Many people have asked me, “Jeremy, you had a thriving consulting practice? Why would you give that up (and the benefits of self-employment) to go work for someone else?”
The answer: Because I was scared.
I wasn’t scared of failure or of not being able to generate enough business. After 3.5 years, I knew that I could make that happen.
No, what was scaring the daylights of me was that I would be able to generate enough business doing the same thing I had been doing.
It was a fear of a lack of ability to TRULY innovate in my offerings that motivated.
Ok, that’s not entirely true, as I was (and am) genuinely excited about the Sprinklr opportunity and the mission of the company.
But, what made me open to the possibility of joining was this nagging fear of staying relevant of staying on the cutting edge.
Between my reading of Deep Survival: Who Lives, Who Dies, and Why and its discussion of how neural pathways become so ingrained as to become hindrances rather than helpers and an inspiring blog post by Rajesh Setty about how “most careers plateau at age 40,” I found myself in a predicament.
I knew I could keep going and do well for a while, but how long that while would be wasn’t clear.
What was clear was that…at some point…I would have to do something that “forced the change” and MADE me confront a new challenge, developing new skills, and building out new neural pathways.

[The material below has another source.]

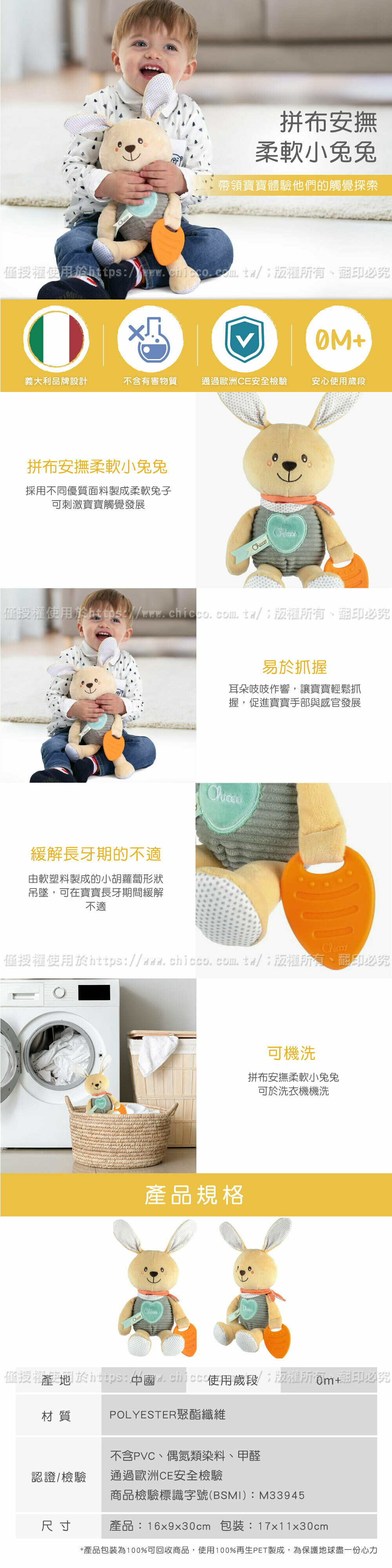 義大利 Chicco 拼布安撫柔軟小兔兔

This isn’t easy and it gets progressively more difficult as we age, but it’s precisely for that reason that I felt like I almost had to do it (again…it dovetailed nicely with the natural passion I felt for Sprinklr and the team).
Even though it appears he didn’t really do it, the notion of Cortes “burning the ships” has become an inspiring vision in my mind and among some of my friends as well.
Perhaps a better metaphor is that of Abraham living Haran and going “to the place I will show you” as led by God.
In both instances, the requirement is a willingness to leave behind what you are/know in order to arrive at what you can become.
But, you can’t do it halfway.
So, that fear…plus the awesome opportunity of raising my game by taking all that I’ve studied/done in the past 3.5 years and apply it in a petri dish led me to the conclusion that it just had to be done.